DIRECTIONS - Write all of the entries out again exactly, but not the images.
────────
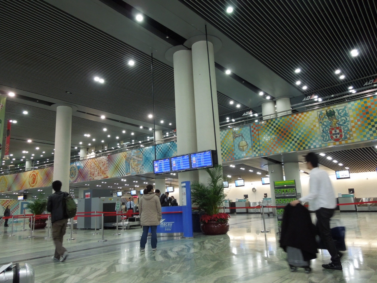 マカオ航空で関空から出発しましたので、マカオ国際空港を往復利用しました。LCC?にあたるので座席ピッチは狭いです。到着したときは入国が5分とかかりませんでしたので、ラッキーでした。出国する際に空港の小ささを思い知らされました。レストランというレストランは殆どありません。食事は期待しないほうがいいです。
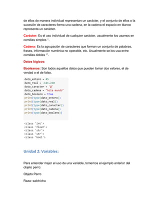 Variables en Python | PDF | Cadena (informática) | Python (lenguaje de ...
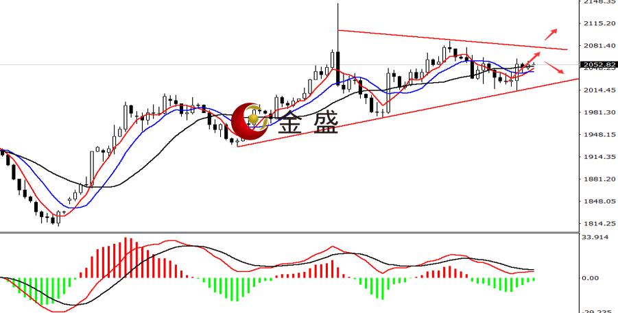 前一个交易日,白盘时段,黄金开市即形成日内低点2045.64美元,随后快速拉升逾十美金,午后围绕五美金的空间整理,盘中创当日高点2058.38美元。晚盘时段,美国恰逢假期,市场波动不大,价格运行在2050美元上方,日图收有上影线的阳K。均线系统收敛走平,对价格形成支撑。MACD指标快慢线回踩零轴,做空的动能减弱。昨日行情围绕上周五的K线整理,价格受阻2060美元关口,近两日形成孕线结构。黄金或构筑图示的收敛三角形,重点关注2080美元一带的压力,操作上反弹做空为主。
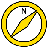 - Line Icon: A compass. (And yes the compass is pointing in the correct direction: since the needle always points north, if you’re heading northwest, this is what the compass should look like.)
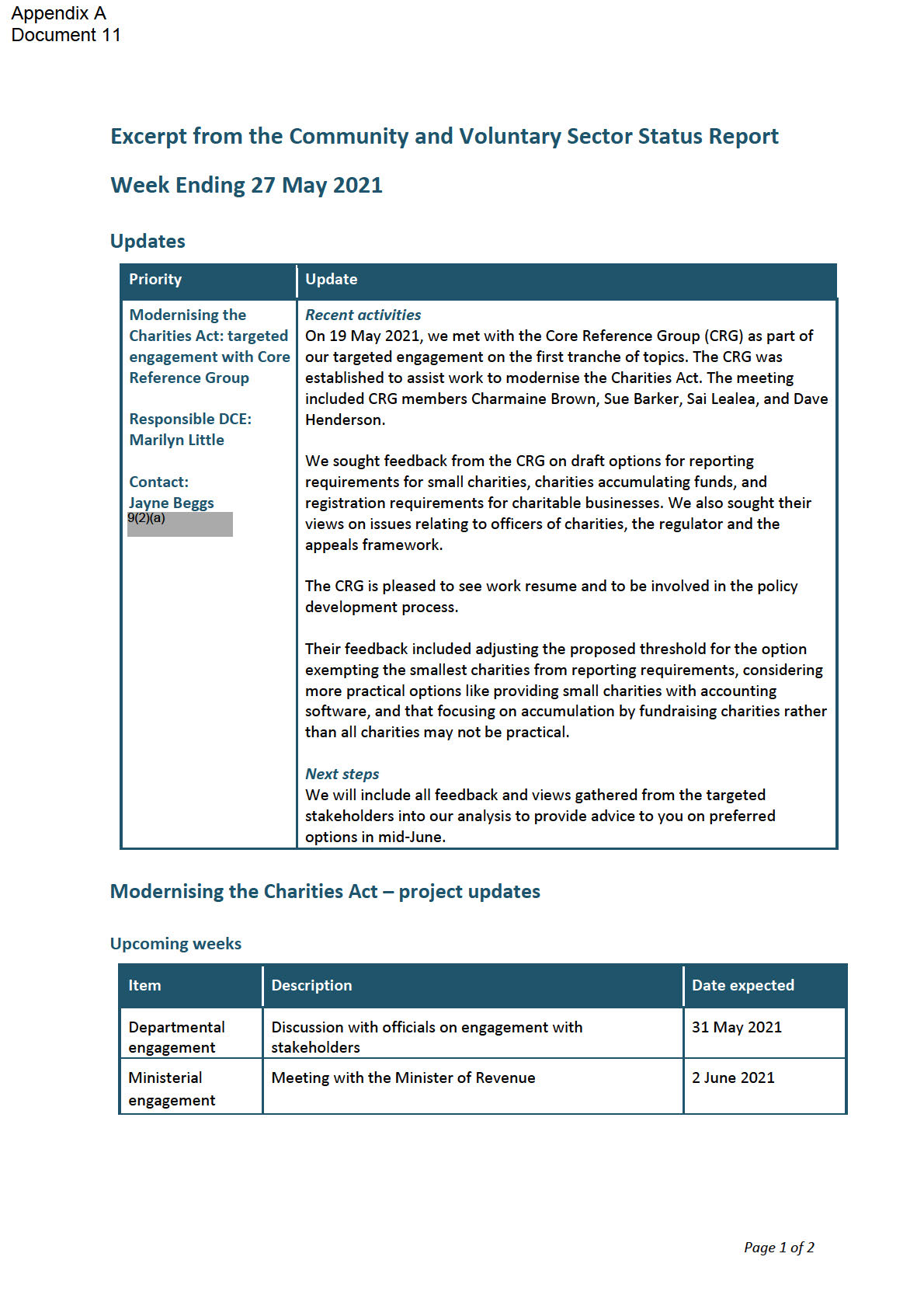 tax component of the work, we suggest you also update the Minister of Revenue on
────────
TASK RESULT -
 マカオ航空で関空から出発しましたので、マカオ国際空港を往復利用しました。LCC?にあたるので座席ピッチは狭いです。到着したときは入国が5分とかかりませんでしたので、ラッキーでした。出国する際に空港の小ささを思い知らされました。レストランというレストランは殆どありません。食事は期待しないほうがいいです。
 Variables en Python | PDF | Cadena (informática) | Python (lenguaje de ...
 前一个交易日,白盘时段,黄金开市即形成日内低点2045.64美元,随后快速拉升逾十美金,午后围绕五美金的空间整理,盘中创当日高点2058.38美元。晚盘时段,美国恰逢假期,市场波动不大,价格运行在2050美元上方,日图收有上影线的阳K。均线系统收敛走平,对价格形成支撑。MACD指标快慢线回踩零轴,做空的动能减弱。昨日行情围绕上周五的K线整理,价格受阻2060美元关口,近两日形成孕线结构。黄金或构筑图示的收敛三角形,重点关注2080美元一带的压力,操作上反弹做空为主。
 - Line Icon: A compass. (And yes the compass is pointing in the correct direction: since the needle always points north, if you’re heading northwest, this is what the compass should look like.)
 tax component of the work, we suggest you also update the Minister of Revenue on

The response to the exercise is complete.